Bei der Dosierung der Pflanzenschutzmittel spielt die zu benetzende Oberfläche der Blätter und später auch der Dolden eine wesentliche Rolle. Damit einher geht eine ausreichende Wasseraufwandmenge, um genügend Wirkstoff an die zu schützenden Pflanzenteile zu transportieren. In der Vergangenheit wurden daher Konzentrationsangaben verwendet, die es ermöglichten, in Abhängigkeit vom Entwicklungsstadium und der Blattmasse die notwendige Wirkstoffmenge zu applizieren. Insbesondere bei der Anwendung von Kontaktmitteln ist eine gleichmäßige Benetzung mit ausreichend Wirkstoff entscheidend für den Bekämpfungserfolg. Um die verschiedenen Dosiermodelle bzgl. ihrer Eignung bewerten zu können, sollten sich diese stets an dem Referenzwert „gemessene Blatt- und Doldenfläche“ orientieren (Abb. 4.15).

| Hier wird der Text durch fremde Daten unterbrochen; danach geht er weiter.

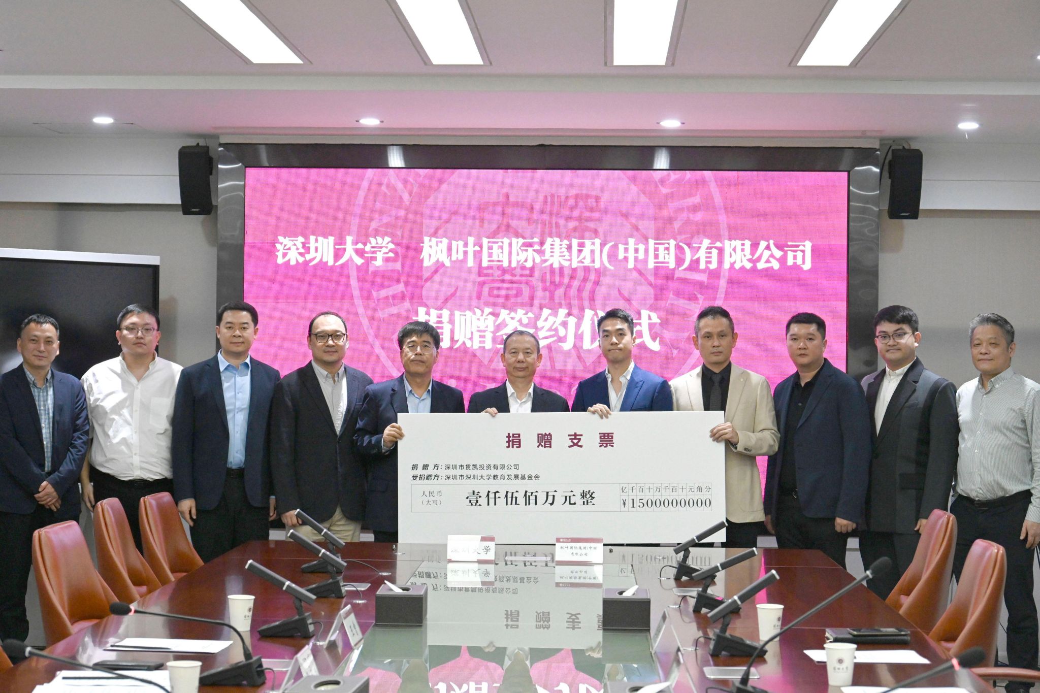 仪式上,汪永成和郭景昆分别代表深圳大学与枫叶国际集团(中国)有限公司签订捐赠协议,毛军发和吴卓轩共同见证签约。深圳大学党政办公室、教务部、校友联络部、校董会、高等研究院相关负责人,枫叶国际集团(中国)有限公司财务、商置运营负责人出席并共同见证签约。

Abb. 4.15: Prozentuale Veränderung der Dosiermodelle in Abhängigkeit vom Endwert am 19. August bei der Sorte Perle
Alle errechneten Modelle (LWA, TRV-Reihe und TRV-Zylinder) und auch das aktuelle, stadienbasierte Stufenmodell eilen der tatsächlichen Blatt- und Doldenfläche etwas voraus. Am deutlichsten unterscheiden sich die LWA-Modelle. Problematisch ist hier vor allem der hohe Anstieg in frühen Stadien der Hopfenpflanzen. Die Formel der LWA berücksichtigt nur die Wuchshöhe der Triebe. Zu Beginn der Vegetation haben die Pflanzen zwar schnell große Trieblängen erreicht, die tatsächlichen Laubflächen sind aber aufgrund kleiner, weniger Blätter noch gering. Aus diesem Grund ergeben sich die großen Abweichungen zwischen beiden LWA-Modellen und der Realität. Ein weiteres Problem dieses Modells stellt das Erreichen der maximalen Gerüsthöhe dar. Sobald die Triebe Ende Juni mit ca. 7 m ihre maximale Wuchshöhe erreicht haben, verändert sich der Wert der LWA nicht mehr, da die Wuchshöhe konstant bleibt. Tatsächlich istjedoch ab diesem Datum noch ein deutlicher Anstieg der Laubflächen und später der Doldenoberfläche zu erkennen, welcher im LWA-Modell nicht berücksichtigt werden kann. Besser passen die TRV-Modelle. Zu Beginn der Vegetation kommen diese den gemessenen Laubflächen am nächsten, da neben der Wuchshöhe auch die Breite der Pflanzen berücksichtigt wird. Ab Mitte Juni ist dann ein stärkerer Anstieg zu erkennen. Dieser begründet sich durch stark wachsende Seitentriebe, die den Durchmesser der Rebe stark vergrößern und somit auch das scheinbare Volumen steigen lassen. Das Volumen der Pflanzen steigt in Realität zwar weiter an, aber nicht so stark wie durch das TRV-Modell berechnet wird. Interessant ist in der grafischen Darstellung, dass das bisherige stadienbasierte Stufenmodell gute Parallelen mit den TRV-Modellen aufweist. Dies ist auch naheliegend, da für eine Benetzung aller Pflanzenteile hauptsächlich die Pflanzenmasse und somit das Volumen maßgeblich ist und nicht die Fläche einer fiktiven Laubwand, die sich nach Erreichen der Gerüsthöhe nicht mehr ändert. Für den Hopfenbau eignet sich das aktuelle Modell also nach wie vor am besten. Sollte dieses aber aus administrativen Gründen abgelöst werden, wird z. B. mit Korrekturfaktoren oder Konzentrationshinweisen eine Anpassung des neuen Dosiermodells an den tatsächlichen Blattflächenzuwachs des Hopfens nötig sein.